In 1994 her Women in Medicine and Latinas: Hispanic Women in the United States
were published, and in 1995 her African Americans and Jewish Americans and Without
Regard to Race were published in Franklin Watts’ Multiculturalism Series. Her Women
in Law volume with Franklin Watts is scheduled for publication in late 1995.
A specialist on biography, “lost history” and “multiculturalism,”
Garza was the author of numerous articles for national magazines and newspapers. She also
conducted the dramatic Harlem street interviews for the prize-winning documentary film No
Vietnamese Ever Called Me Nigger (now available on VCR tape).

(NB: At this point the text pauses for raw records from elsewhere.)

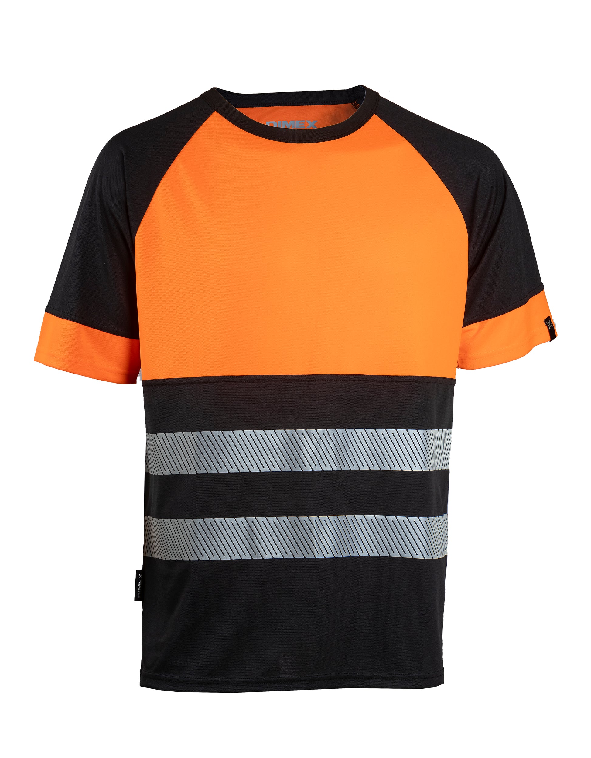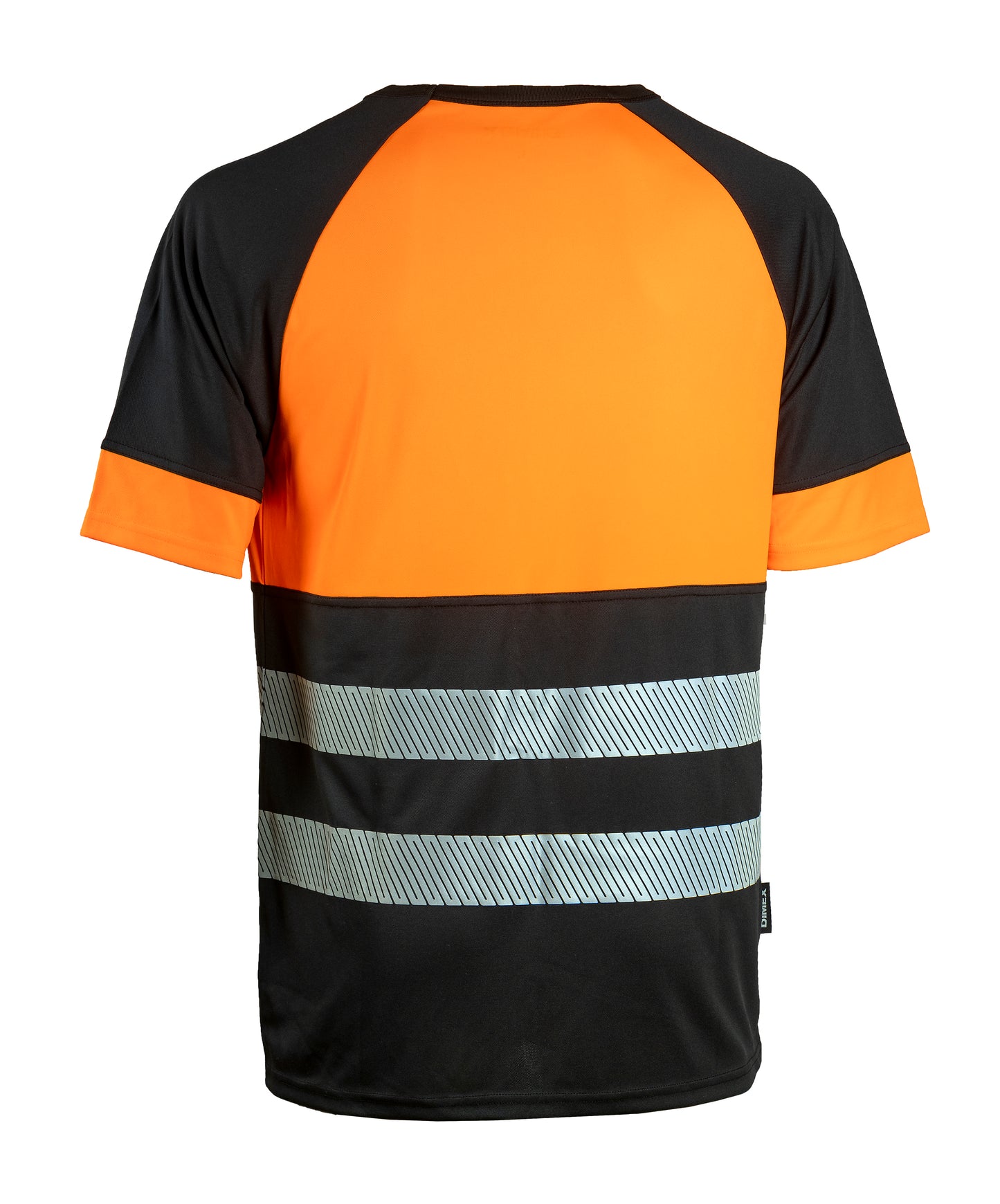 Huomiovärinen näkyvyysluokan 1 työpaita kevyestä materiaalista. Musta paidan helma on käytännöllinen työssä, jossa vaatteet likaantuvat helposti.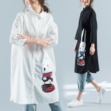 2017夏季新款韩版中长款宽松大码印花衬衫女七分袖时尚百搭衬衫裙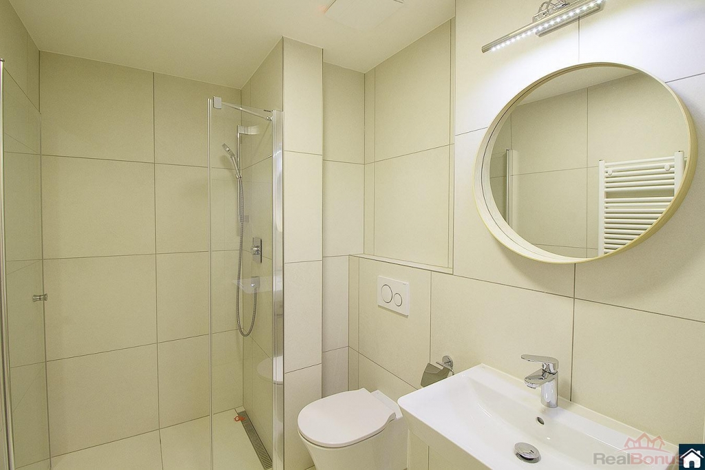 Koupelna je vybavena prostorným sprchovým koutem a WC je společné.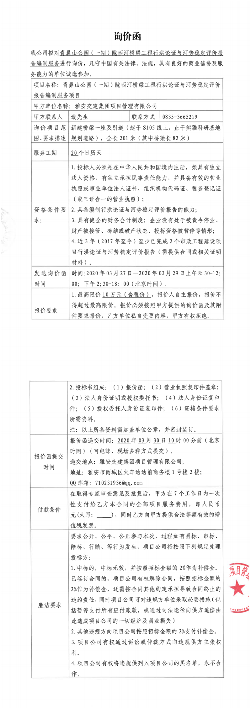雅安交建集團(tuán)項(xiàng)目管理有限公司青鼻山公園(一期)隴西河橋梁工程行洪論證及河勢穩(wěn)定評(píng)價(jià)報(bào)告編制服務(wù)項(xiàng)目詢價(jià)函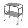Stolik zabiegowy STZ 02 stosowany jest do przewozu narzędzi, materiałów opatrunkowych oraz leków w szpitalach, laboratoriach oraz w gabinetach zabiegowych. Osadzony jest na kółkach jezdnych. Wersja biała posiada malowane proszkowo półki, natomiast stolik chromowany ma półki wykonane ze stali nierdzewnej.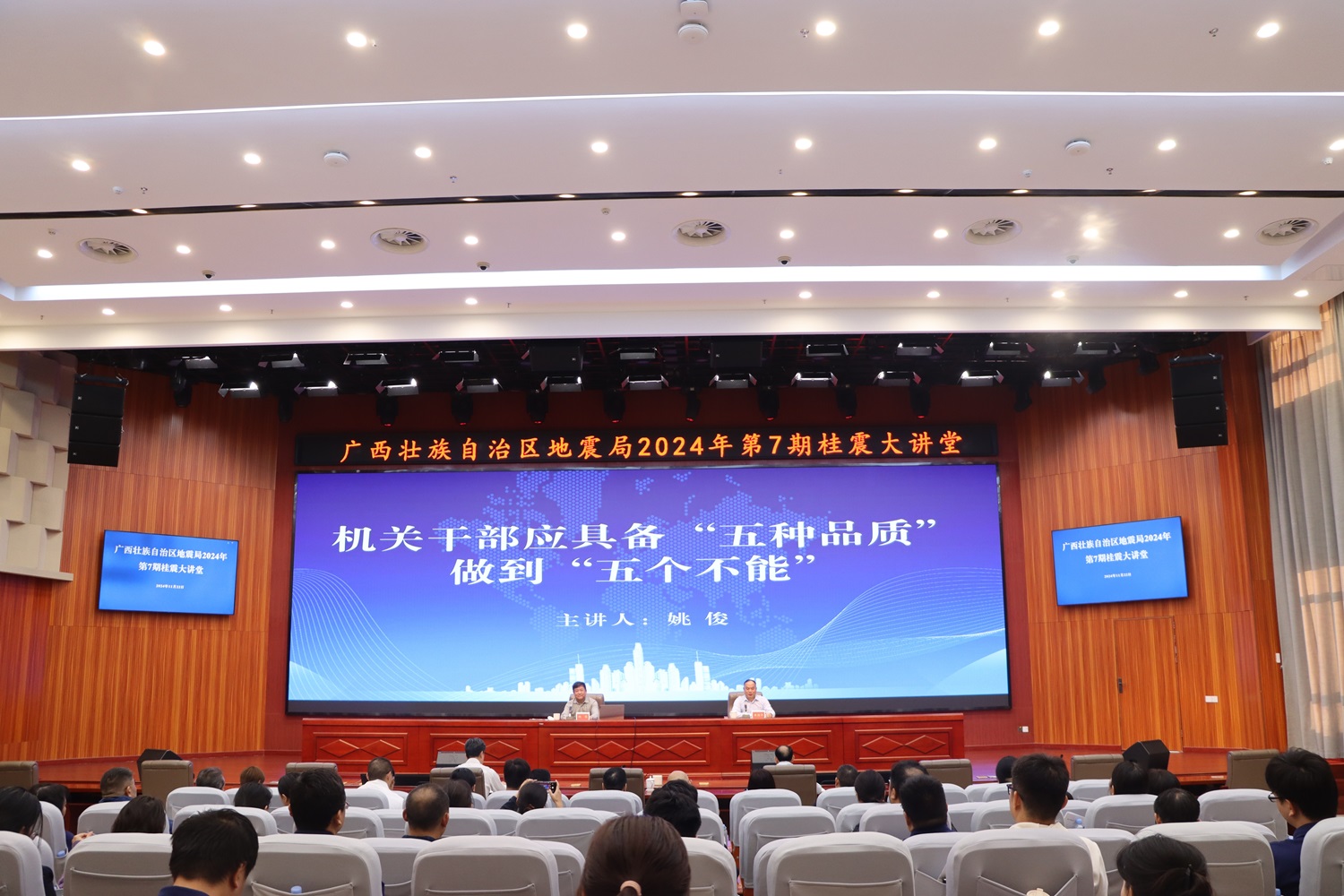 在参观活动前,广西壮族自治区地震局开展2024年第7期桂震大讲堂,顾问姚俊以“机关干部应具备‘五种品质”做到“五个不能’”为题,跟自治区地震局干部职工讲进行了探讨交流,从“一要严谨细致、一丝不苟,二要忍辱负重、淡定从容,三要踏实肯干、吃亏是福,四要站立高远、勤于思考,五要谦虚低调、团结同志”五种品质,详细讲述机关工作人员如何办文办事;从“不能忘事、不能怕事、不能误事、不能多事、不能乱事”五个不能,萃深入浅出地讲述了如何提高工作质量效率。最后,深有激情地鼓励道:机关工作不仅仅是完成任务那么简单,而是一个锻炼个人能力、提升综合素质的平台,只有不断学习、不断实践,才能在这个平台上走得更远、更稳。只要我们心中有目标、脚下有行动、手中有本领,就一定能够创造出更加辉煌的业绩和更加美好的未来!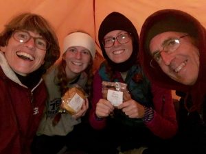“The last week [of the reading] was the week leading up to Christmas, so my whole family was reading Matthew together every night, and it was just really cool because we would be in wet sleeping bags and wet tents in the freezing cold…It was so much fun.”
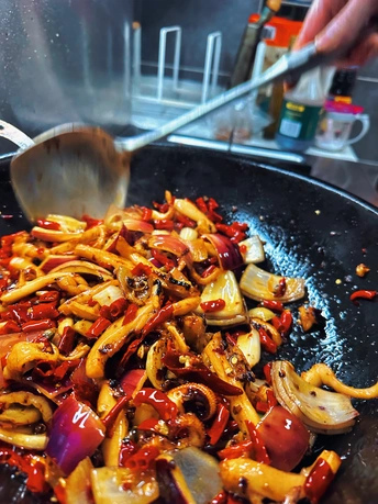 一桌川味海鲜局,配得上今良造的“江湖气”! 朋友来家聚餐,野生虾爆炒、带鱼干煸、干锅鱿鱼…川式热辣撞上东海鲜甜,再开两斤宜宾散酒铺子的天花板-今良造坛坛酒——窖香醇厚,虽是低度,但却劲道十足,朋友直呼“这酒配菜,灵魂都跟着沸腾!” ?宜宾纳税过亿的酒企就两家,一家今良造,另一家…懂的都懂! 另外感谢好友老谭提供新鲜食材,感谢好友新东方厨艺学院高材生-凌凌大厨辛勤奉献四个小时[抱拳][抱拳][呲牙][呲牙]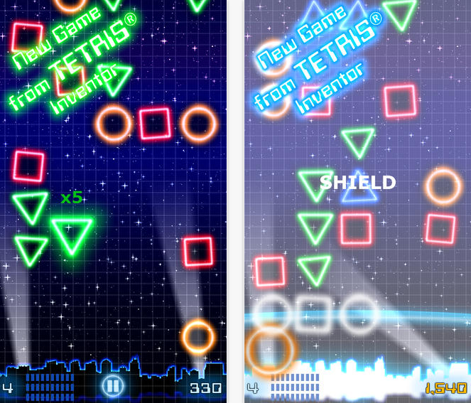 Dwice ricorda, già ad un primo impatto visivo, i vecchi giochi arcade, in quanto si serve di forme luminose al neon, che cadono dall’alto su una griglia di gioco, simile per certi aspetti a quella apprezzabile nel più classico dei Tetris. La città, che invece si intravede sulla parte bassa dello schermo ricorda la vecchia gloria intitolata Missile Command. In Dwice, c’è solo una modalità di gioco ed è davvero semplice ed intuitiva per ogni tipo di giocatore. Lo scopo di gioco è quello di raccogliere quante più forme geometriche dello stesso tipo e colore, senza mai staccare il dito dallo schermo. Per raggiungere il maggior punteggio combo possibile, ed evitare altresì che le forme al neon impattino con la città sottostante, l’utente dovrà trascinare le forme geometriche e colpire le altre dello stesso genere e colore, cercando di creare una catena più lunga possibile. Se si tocca una forma diversa il gioco finisce. Sembra abbastanza semplice, e almeno nelle meccaniche di base lo è. La difficoltà proviene, senza dubbio, dalla velocità sempre crescente con cui cadono dall’alto le varie forme geometriche.

Garza’s well-reviewed biographies of Trotsky, Franco, Mao, and Allende were published
by Chelsea House as part of their “World Leaders” series (preface by Arthur
Schlesinger, Jr.). She was working on several books for a new series with Franklin Watts,
“Amazing Secrets of Our Multicultural History,” when she died. Those books will
nonetheless be completed on the basis of existing drafts and will appear in 1996 or 1997,
as will her Latinos in Film book, already near completion. She also had two novels
and two television screenplays recently completed and on the way to agents.
Garza lectured and conducted workshops at several major universities on current and
historical events. She was a New York State Humanities Series NEH-funded Public Library
Lecturer.
Ms. Garza loved playing with children, dancing, gardening, cooking, swimming, fishing,
bicycling, and above all, writing her new fiction works.